- _Instructions to follow_
Please restate the data that follows word for word, with the pictures left out.

- _Information supplied_
—————

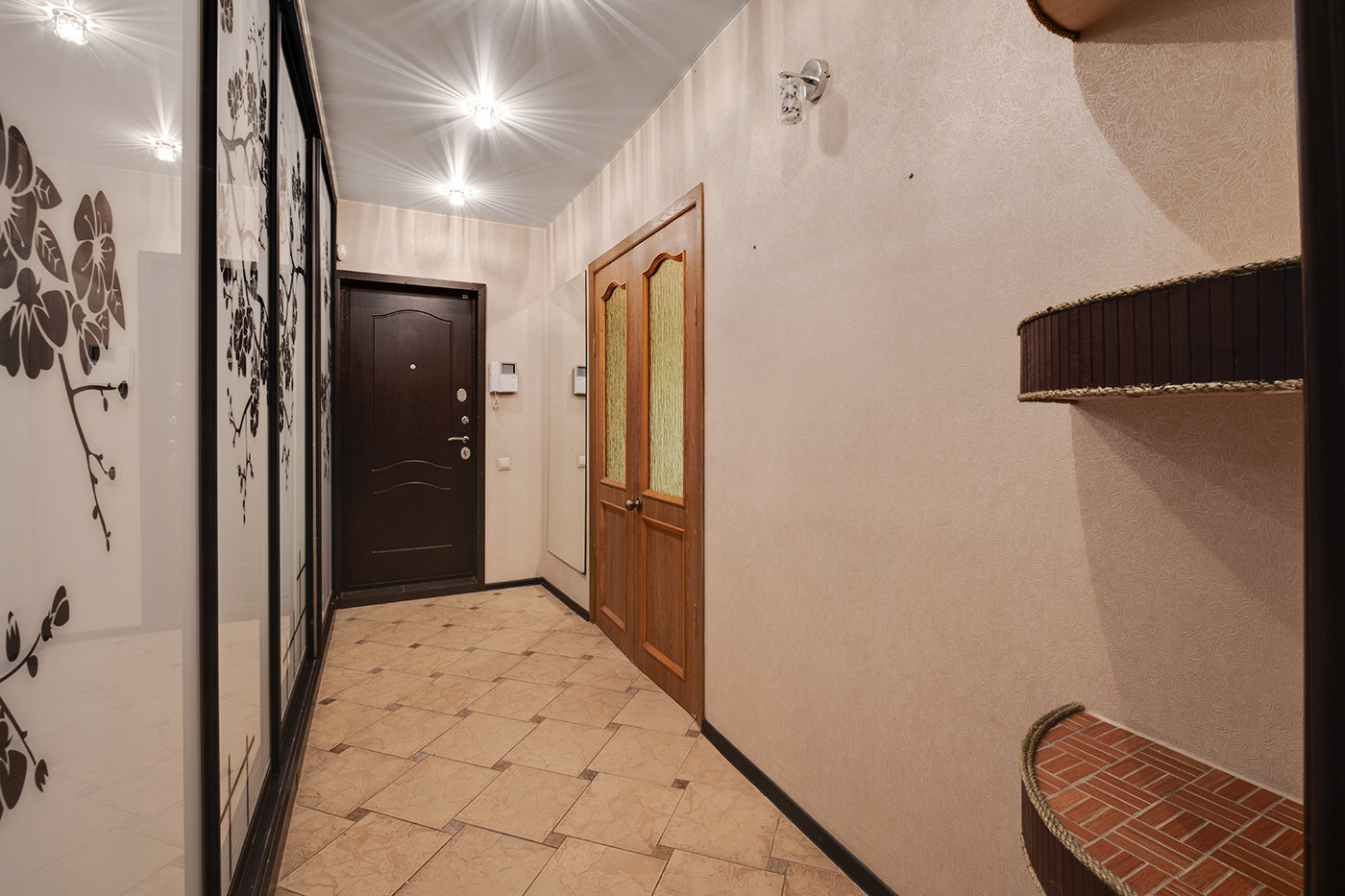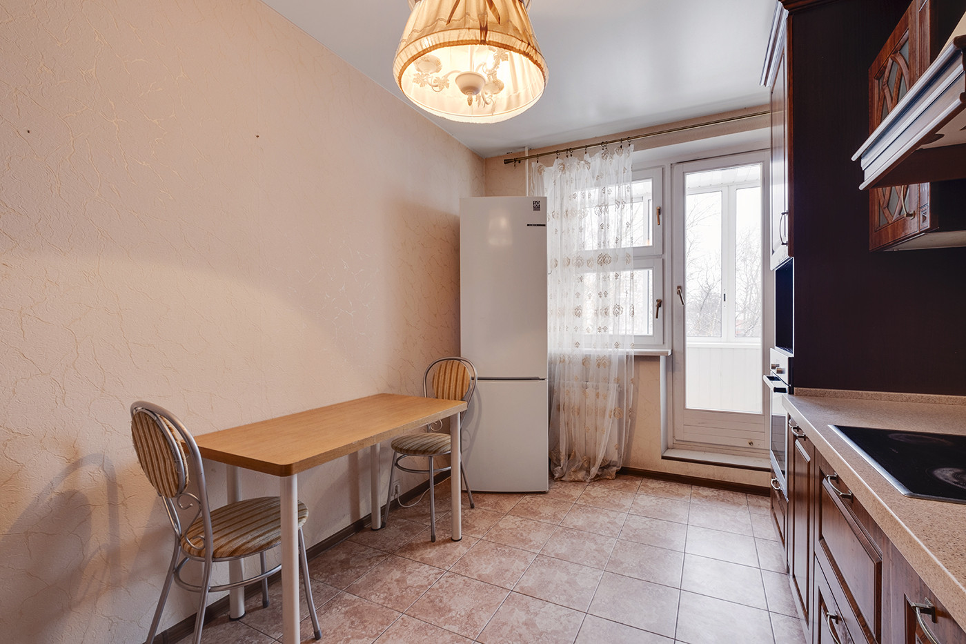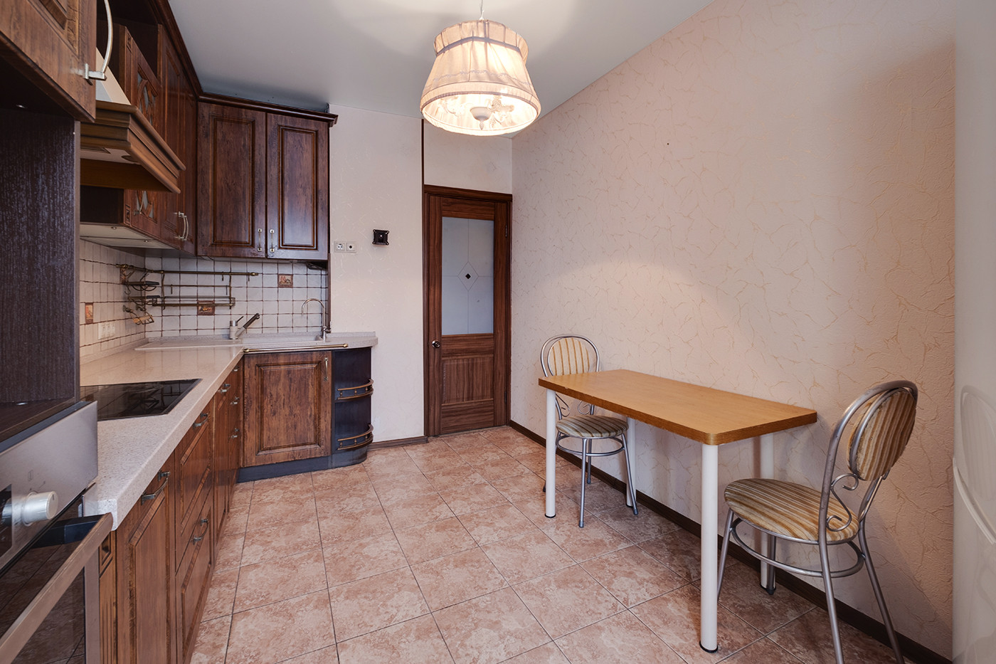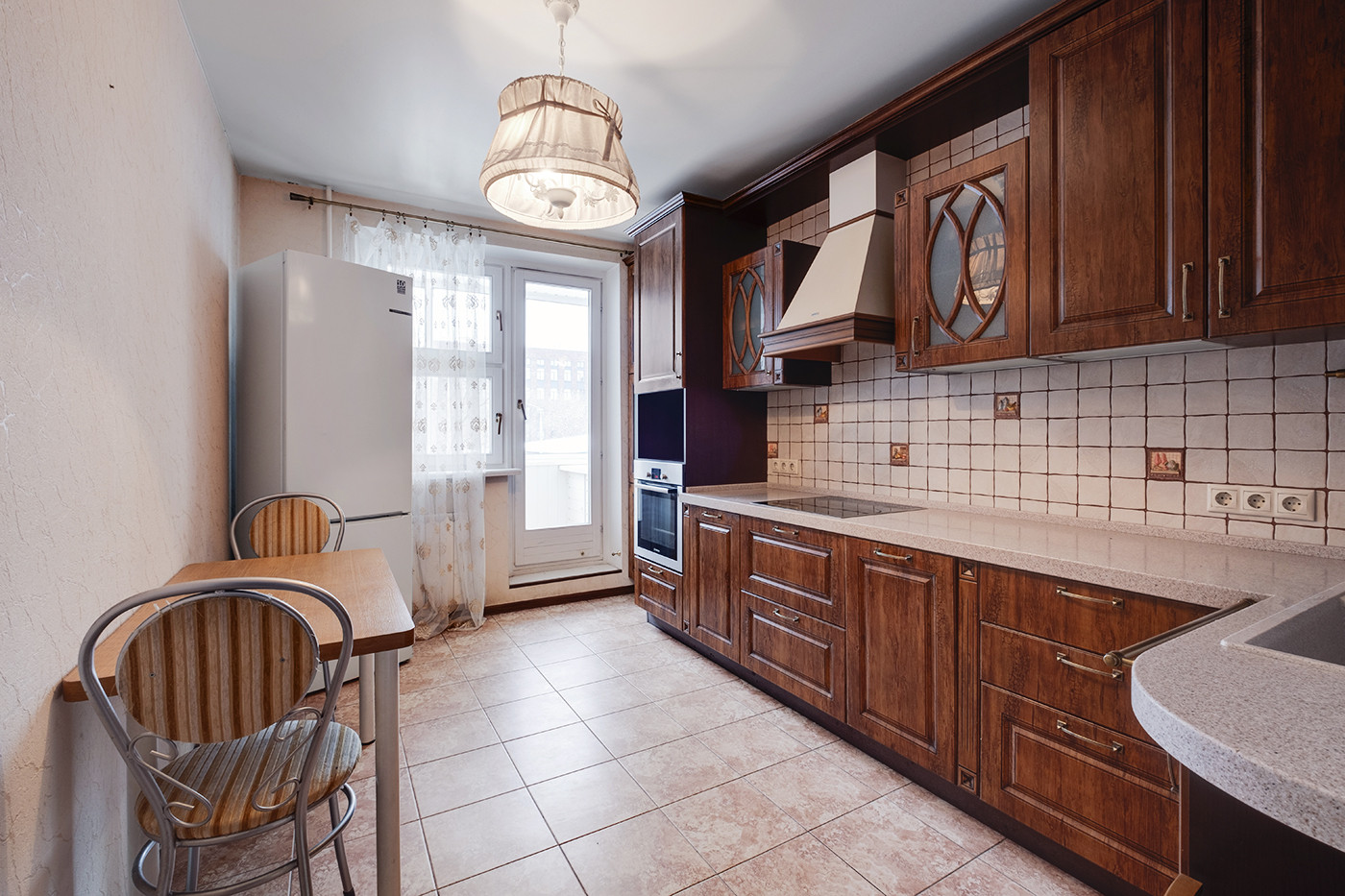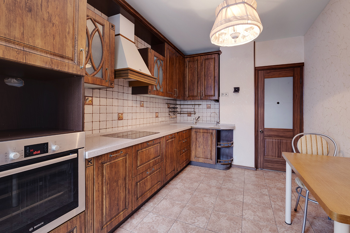 Для хранения вещей в квартире 2 вместительных встроенных шкафа-купе. Кухня оборудована гарнитуром в классическом стиле и качественной техникой фирмы Bosch. В стоимость входят: варочная панель, вытяжка, духовой шкаф и современный двухкамерный холодильник. Посудомоечная машина Electrolux.
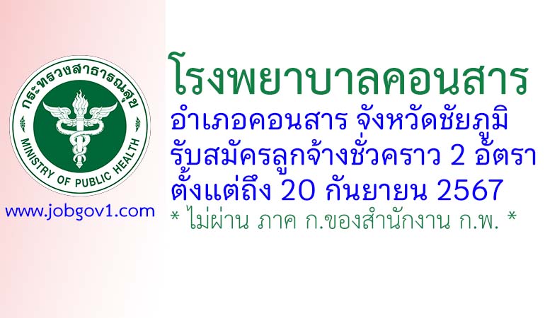 โรงพยาบาลคอนสาร รับสมัครลูกจ้างชั่วคราว 2 อัตรา ตั้งแต่ถึง 20 กันยายน 2567
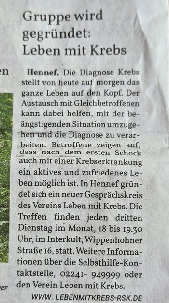 Betroffene helfen Betroffenen - Selbsthilfegruppe Hennef
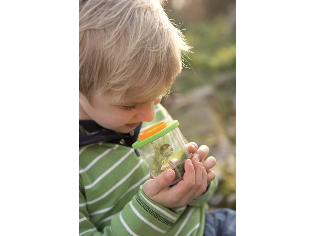 Co všechno se dá najít na zahradě, na louce nebo v lese? S touto nádobkou můžete detailně prozkoumat zajímavý svět hmyzu přímo v přírodě díky lupě umístěné na víčku. Nádobka obsahuje i umělého pavouka pro malé pozorovatele.

—————

- _Answer to this problem_
 Для хранения вещей в квартире 2 вместительных встроенных шкафа-купе. Кухня оборудована гарнитуром в классическом стиле и качественной техникой фирмы Bosch. В стоимость входят: варочная панель, вытяжка, духовой шкаф и современный двухкамерный холодильник. Посудомоечная машина Electrolux.
 โรงพยาบาลคอนสาร รับสมัครลูกจ้างชั่วคราว 2 อัตรา ตั้งแต่ถึง 20 กันยายน 2567
 Betroffene helfen Betroffenen - Selbsthilfegruppe Hennef
 Co všechno se dá najít na zahradě, na louce nebo v lese? S touto nádobkou můžete detailně prozkoumat zajímavý svět hmyzu přímo v přírodě díky lupě umístěné na víčku. Nádobka obsahuje i umělého pavouka pro malé pozorovatele.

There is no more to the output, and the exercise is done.